The facts of this case are very brief and simple. Both the assessees were partners in a firm Shiam Lal Chiman Lal. They earned incomes from the firm as also from some property and as interest on deposits made by them as a Hindu undivided family, viz., Shiam Lal Chiman Lal. From the firm each of these assessees borrowed a sum of Rs. 2,50,000 to buy shares in the Bijli Cotton Mills Ltd. The shares of the Bijli Cotton Mills Ltd., were actually purchased by them but during the relevant previous year no dividends were received by them on these shares. They however had to pay a sum of Rs. 6,688 each as intererst to the partnership firm Shiam Lal Chiman Lal form which they had borrowed the sum of Rs. 2,50,000 each for the purpose of purchasing those shares. It was claimed by each of the assessees that this sum of Rs. 6,688 paid as interest by each of them was a deductible expenditure under section 1292) of the Income-tax Act when computing the income from dividends on shares of the Bijli Cotton Mills Ltd. and since no actual dividends were received it should be held that each of them suffered a loss to the extent of Rs. 6,688 and that loss should be set off under section 24(I) of the Income-tax Act against th eir income from the other heads which has been mentioned above. The Income-tax Appellate Tribunal refused to allow this set-off and consequently on teh request of the assessees the question mentioned above has been referred for our opinion.
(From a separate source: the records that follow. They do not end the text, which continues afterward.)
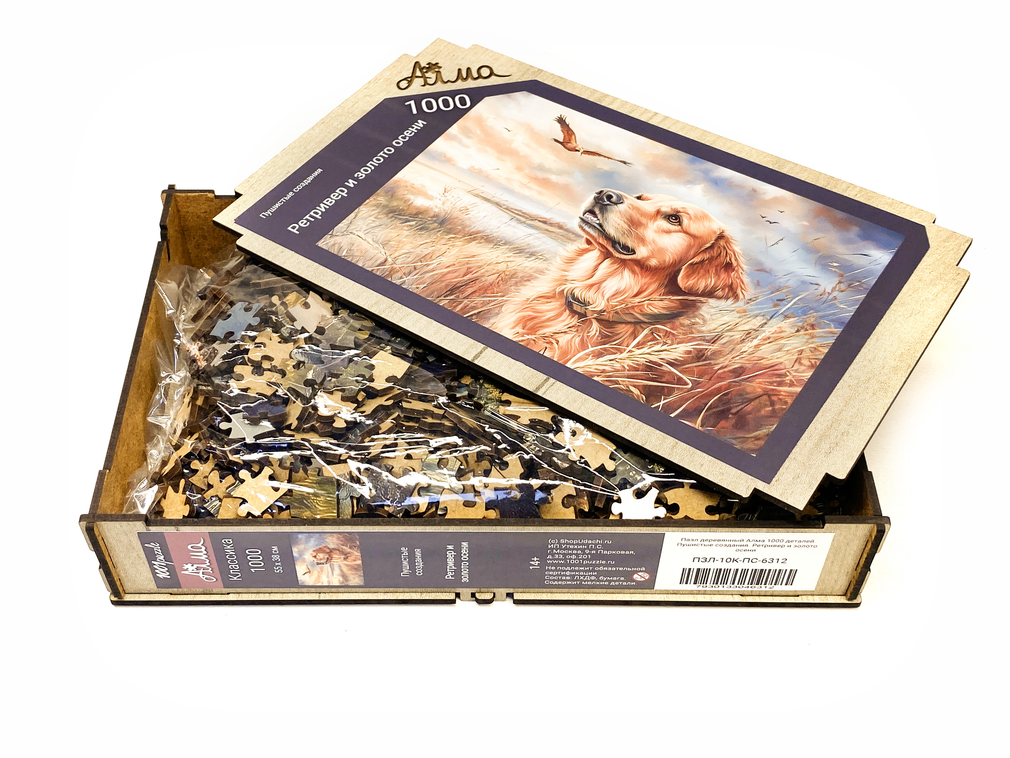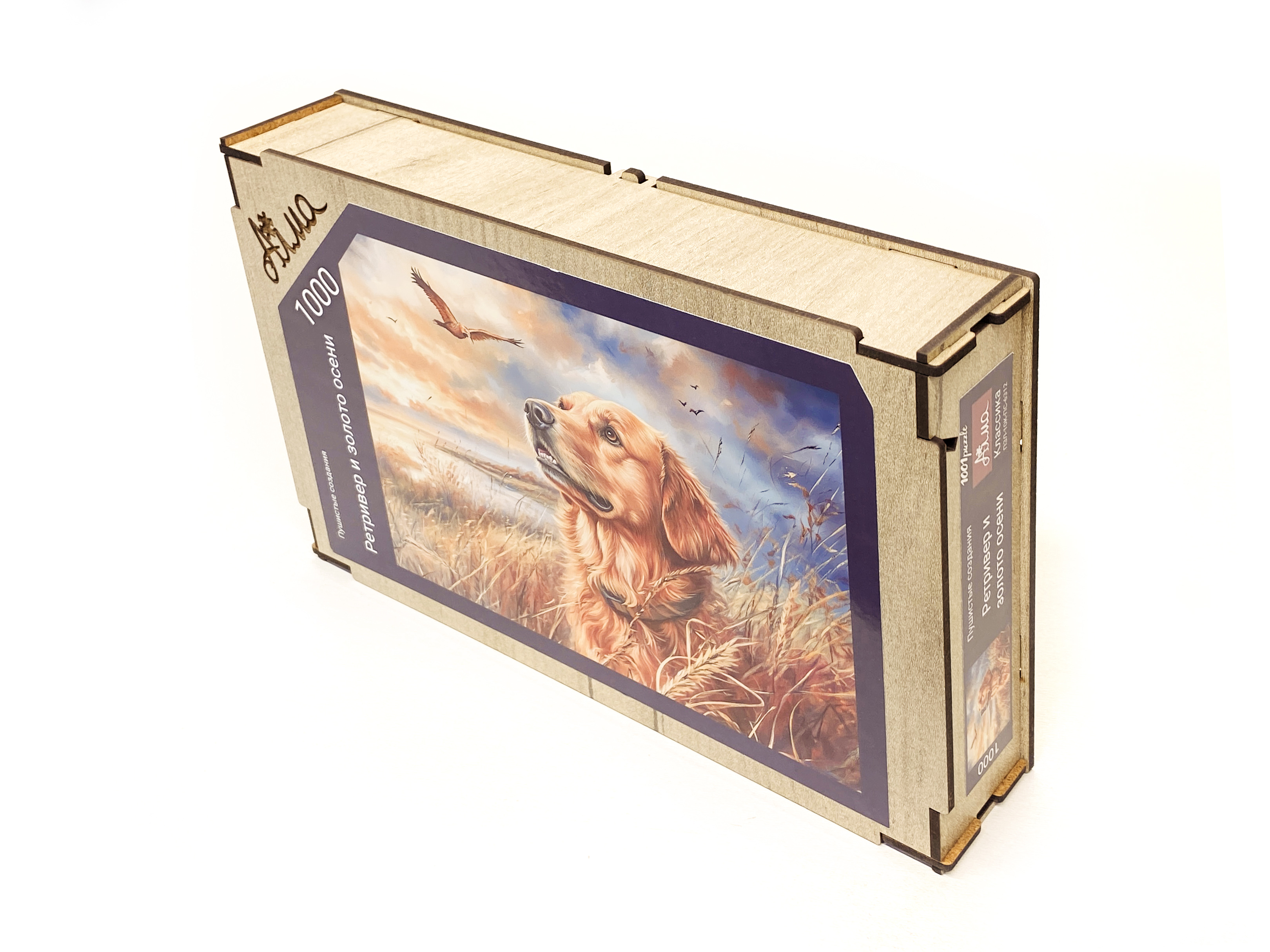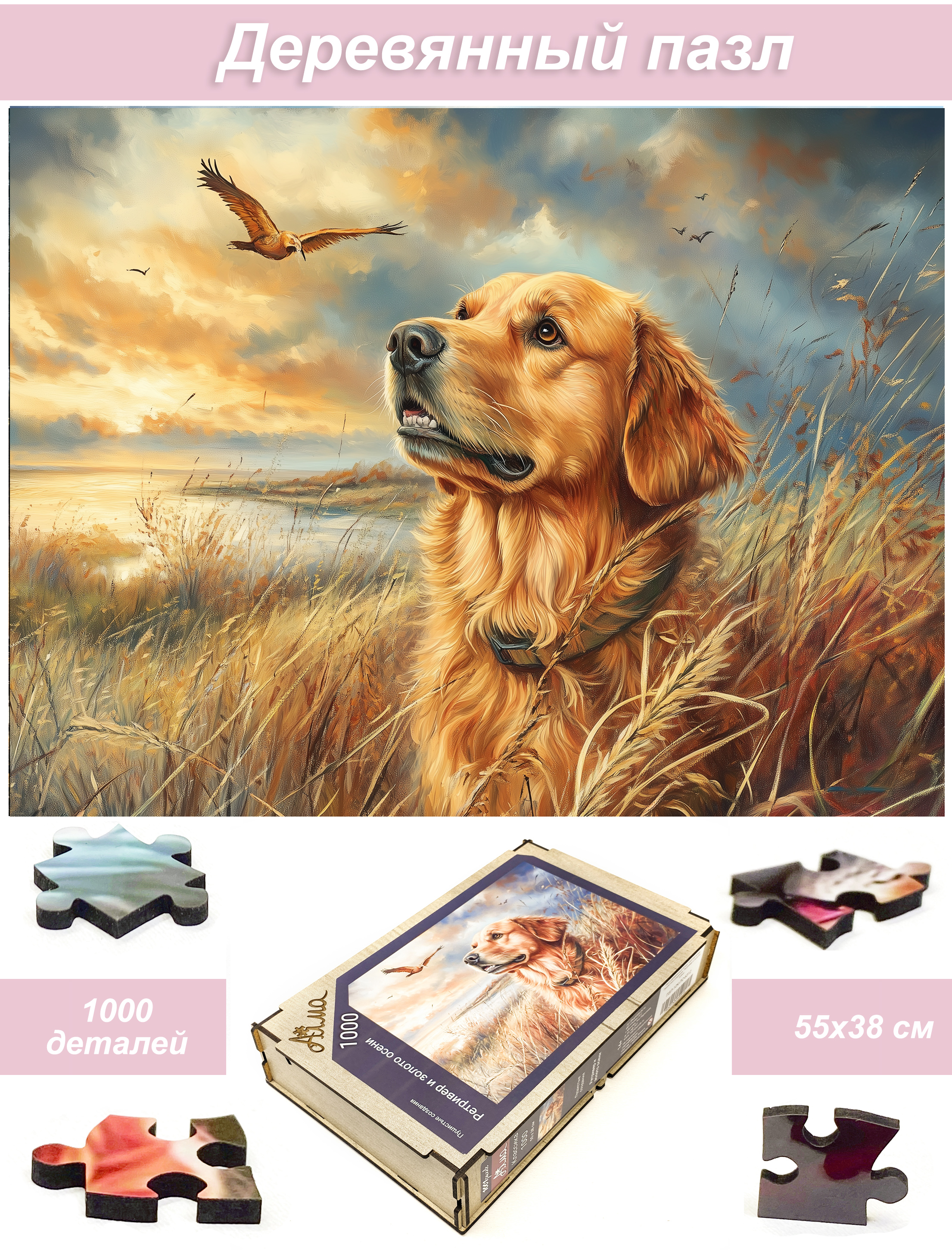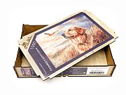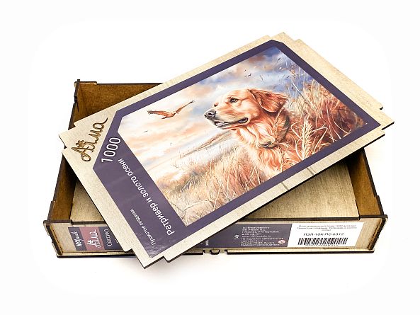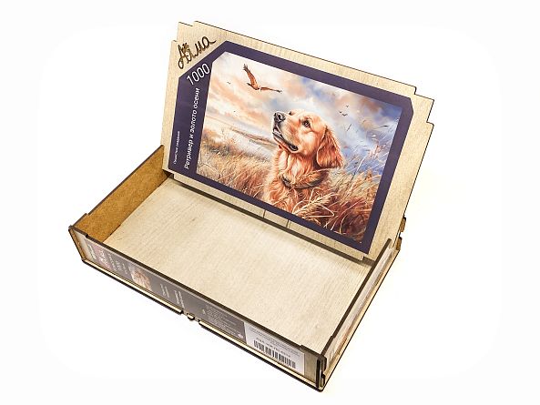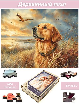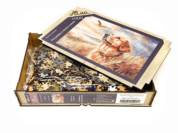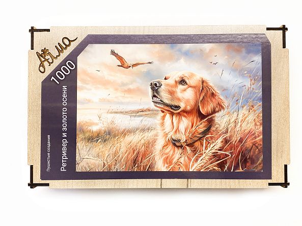 Wooden puzzle with 1000 pieces. Furry creatures. Retriever and autumn gold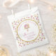 Personalised Pink Gold Hot Air Balloon Baby Shower Favour Bag. Elegant watercolor floral designs, faux glitter border, and hot air balloon. Personalise all text details. © Kimbellished, LLC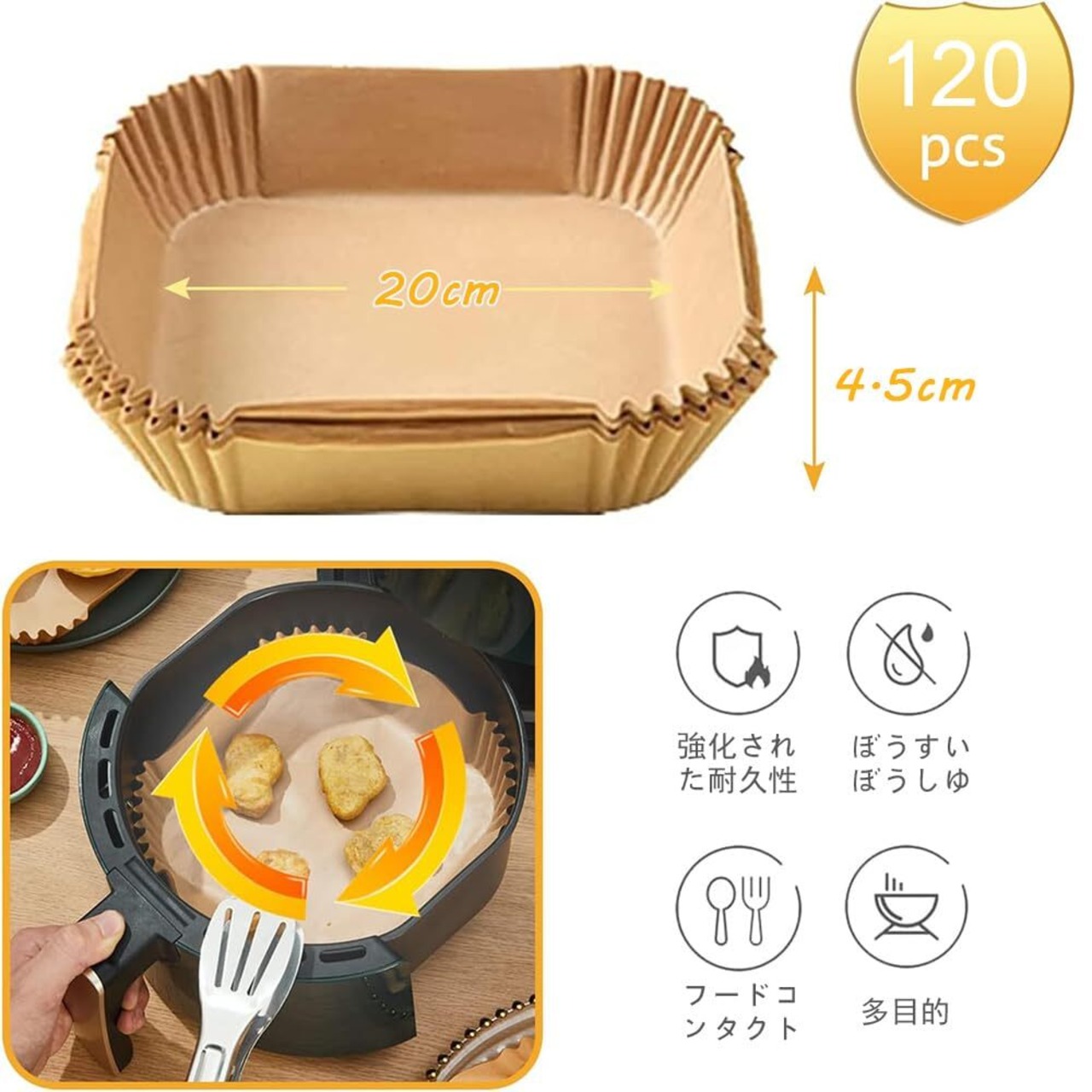 Selinear エアフライヤー用紙 120枚セットノンフライヤー 使い捨て紙 耐熱 耐油 耐水性 天ぷら敷紙 油紙 クッキングシートシリコーンオイル紙 電子レンジ オーブン 蒸し器 対応 四角形 (20cm*4.5cm)

The Point that has been raised in this question came up for consideration before a Bench of the Bombay High Court in ormerods (India) Private Ltd. v. Commissioner of Income-tax. In that case the learned judges of the Bombay High Court fully discussed all the relevant provisions of the Income-tax Act, referred to a decision of the Supreme Court in Eastern Investments Ltd. v. Commissioner of Income-tax, differed from a decision of the Patna High Court in Maharajadhiraj Sir Kameshwar Singh v. Commissioner of Income-tax, and held that, in a case of this nature the loss incurred by the interest on money borrowed for earning income by set off against income from other heads in view of the provisions of section 24(1) of the Income-tax Act. When this case was first argued before us without a reference to the decision of the Bombay High Court, we came to the same view which has been expressed by the Bombay High Court in this case and for the indentical reasons given by the learned judges of that court. Subsequently when the decision of the Bombay High Court was cited before us, our view was strengthened by the view of the Bombay High Court. Since the reasons which led us to take the view have alrady been mentioned in detail in the judgment of the Bombay High Court we donot consider it necessary to express them again in this judgment and we think it is enough for us to say that, with respect, we agree with the reasons as well as the decision of the Bombay High Court in the case cited above.

In view of that decision the question referred to us is answered in the affirmative. The assessee will be entitled to costs of this reference which we fix at Rs. 200.